PROJECT SUMMARY/ABSTRACT: Factors such as food, transportation, and housing instability, social
isolation, and neighborhood conditions profoundly impact health outcomes. Shaped by a long history of
racial, social, and economic inequity in the US, such factors also underlie health inequities. Many healthcare
leaders now recommend systematic documentation of these social risk factors. Yet while social risk data are
increasingly available in electronic health records (EHR), research is lacking on how healthcare teams
can use these data to improve patient health and decrease health inequities. Social risk-targeted care
(referrals to service agencies) can improve health outcomes, but recent research suggests that such
improvements are not solely the result of addressing social conditions. Another path to improved outcomes
involves social risk-informed care: modifying care plans to account for patients’ social risks (e.g., adjusting
insulin prescribing so that when food benefits run out at the end of the month, patients are less likely to be
hospitalized with hypoglycemia). Such social risk-informed care may seem intuitive, but very little research
has examined how care teams can effectively and systematically make such adaptations. This study will be
the first to examine how EHR-based clinical decision support (CDS) could support the provision of
contextualized, social risk-informed care. Our Aims are: 1. Obtain stakeholder input from community
health center (CHC) staff and patients on care plan adaptations that could mitigate social risks’ impact on
patient health and ability to adhere to care recommendations. Develop and pilot-test EHR-integrated CDS
tools that present social risks and suggest relevant care plan adaptations. 2. Randomize 12 CHCs to
receive: Arm 1) a CDS tool with a social risk summary, links to social service information, and a reminder to
consider social risks in care planning; or Arm 2) a CDS tool with the same summary, reminder, and links,
plus specific care plan adaptation suggestions tailored to a given patient’s social risks.

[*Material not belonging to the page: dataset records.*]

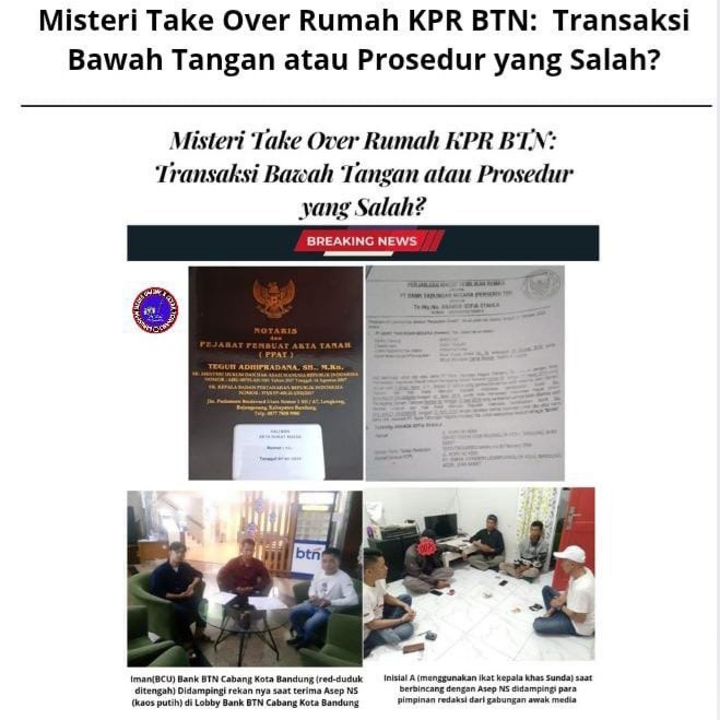 REPORTASEJABAR.COM -Bandung, 19 Maret 2025 – Telah tayang sebelum nya pada tanggal 26 Februari 2025 perihal Kasus take over rumah KPR BTN di Bumi Parahyangan Kencana, Blok E1 No. 36, Kabupaten Bandung, mengungkap potensi pelanggaran prosedur dan praktik transaksi di bawah tangan. Tim liputan gabungan media menelusuri kasus ini yang melibatkan Ananda Sofia Syahla (debitur), almarhum A.P. (pembeli), dan pihak-pihak terkait, termasuk Notaris Teguh Adhipradana, S.H., M.Kn., dan Bank BTN Cabang Bandung.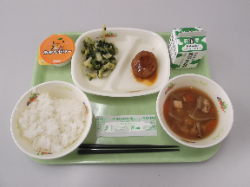 今日はデミグラスハンバーグ、白菜の海苔和え、味噌けんちん汁です。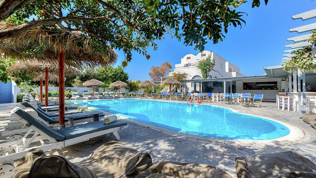 Hotel postavený v tradičním místním stylu nabízí rodinnou atmosféru a příjemné ubytování. Poloha jen kousek od centra letoviska Kamari a pláže s černým lávovým pískem zaručuje strávení krásné a romantické dovolené. Hotel je ideálním místem nejen pro novomanžele.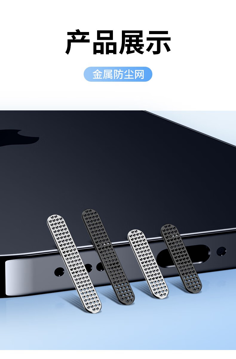 Mu Nian is suitable for Apple 15 dustproof net, iphone15promax mobile phone speaker dustproof plug 15pro charging port metal, Apple 15 silver (long + short) 4 pieces each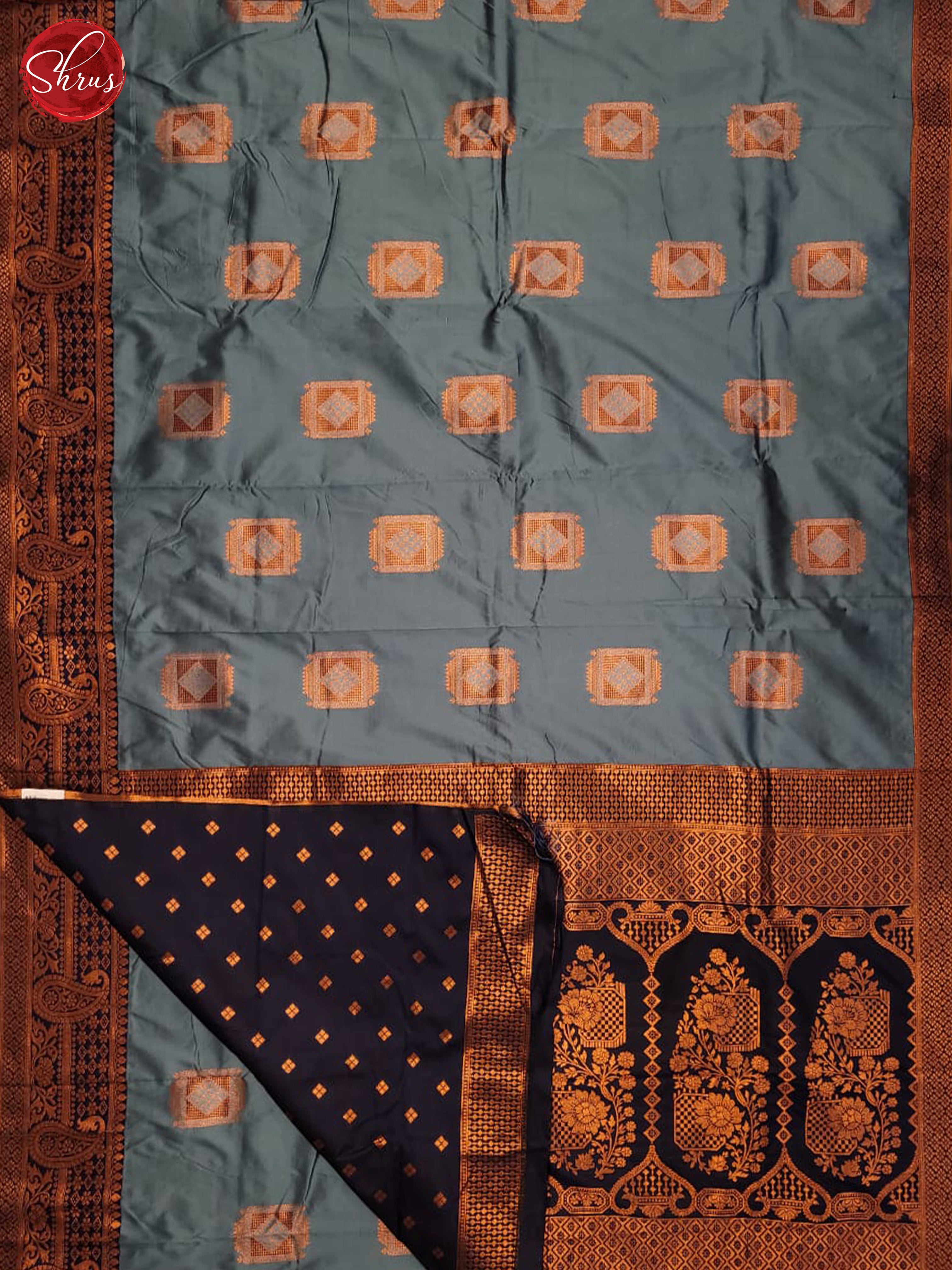 Elegant Grey Semi Soft Silk gleams with gold zari woven motifs on the body The chic weave is complemented with a self zari woven border & contrast Blue pallu with zari brocade . The contrast zari brocade Blue blouse with zari border is a beautiful finish

Assess each tool’s
impact on selected national Care Quality Measures (CQM), accounting for secular trends. 3. Assess
enactment of the tools’ suggested care plan adaptations, and patient / staff perceptions of the tools’ usability
and impact on care quality and patient-provider interactions. Our setting is the nation’s largest group of
CHCs on a single EHR. The PIs’ work on an upcoming National Academies report directly informed the
social risk-informed CDS proposed here. This proposal addresses PAR-19-093’s calls for research on “using
HIT to reduce disparities by increasing ... higher quality care, & improving patient-clinician communication,
and health outcomes,” and on “models for the inclusion and utility of SDoH in EHR systems/CDS tools that
… improve health equity.” The tools developed here will be made available immediately for
implementation in any EHR system, enabling rapid dissemination and grea...

## Key facts

- **NIH application ID:** 10318926
- **Project number:** 5R01MD014886-03
- **Recipient organization:** KAISER FOUNDATION RESEARCH INSTITUTE
- **Principal Investigator:** RACHEL GOLD
- **Activity code:** R01 (R01, R21, SBIR, etc.)
- **Funding institute:** NIH
- **Fiscal year:** 2022
- **Award amount:** $607,585
- **Award type:** 5
- **Project period:** 2020-01-29 → 2024-11-30

## Primary source

NIH RePORTER: https://reporter.nih.gov/project-details/10318926

## Citation

> US National Institutes of Health, RePORTER application 10318926, COHERE – COntextualized care in cHcs’ Electronic health Records (5R01MD014886-03). Retrieved via AI Analytics 2026-05-24 from https://api.ai-analytics.org/grant/nih/10318926. Licensed CC0.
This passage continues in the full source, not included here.